Identification of a protochromic triad regulating the bilin pK_a. (A) RcaE proteins were analyzed by SDS/PAGE, followed by CBB staining (Upper) or zinc blotting (Lower). (B) Absorption spectra are shown for Y₁₈₇F, L₂₄₉H, E₂₁₇Q, E₂₁₇D, and K₂₆₁M RcaE proteins in the 15Z state (green) and 15E state (red) at pH 7.5. Absorption spectra are shown for wild-type RcaE at pH 10.0 in the same color scheme for comparison.

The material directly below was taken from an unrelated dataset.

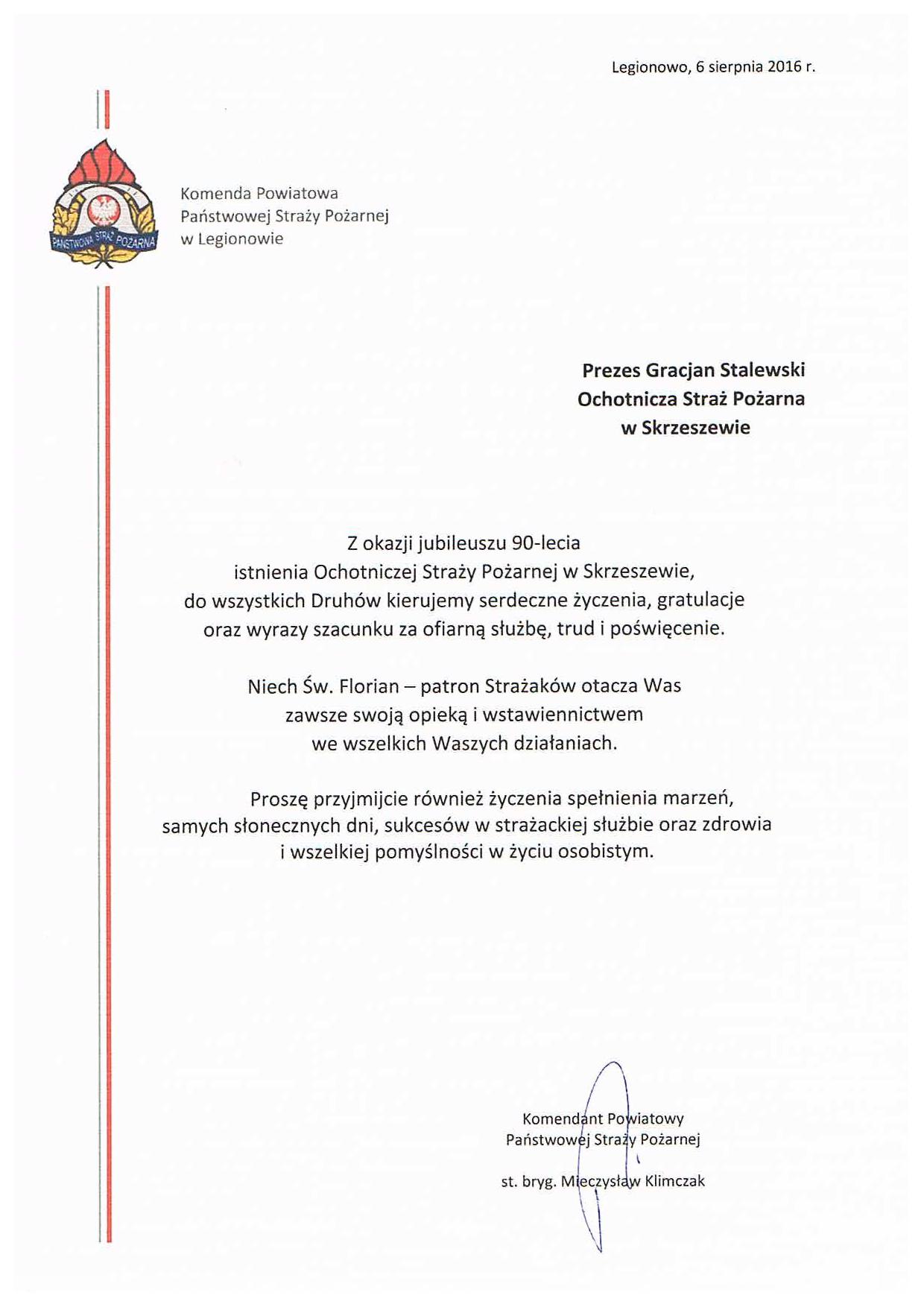 Z tej okazji st.bryg. Mieczysław Klimczak, Komendant Powiatowy Państwowej Straży Pożarnej w Legionowie skierował pismo do Gracjana Stalewskiego, prezesa Ochotniczej Straży Pożarnej w Skrzeszewie.

The percentage of total holoprotein converted to the 15Z and 15E states was estimated by acid denaturation followed by absorption spectroscopy and is indicated for each state. (C) pH titrations of E₂₁₇A and K₂₆₁M RcaE were performed as described for wild-type RcaE in Fig. 2.

Fig. 4.

A mechanism for the protochromic photocycle. Bilin photoisomerization does not cause the spectral shift between green and red absorption, but instead modulates the bilin pK_a to trigger proton transfer to or from Glu217. Protonated ^15ZP_r and deprotonated ^15EP_g intermediates identified in our pH titration study and the protochromic triad identified by site-directed mutagenesis are shown. P, propionate.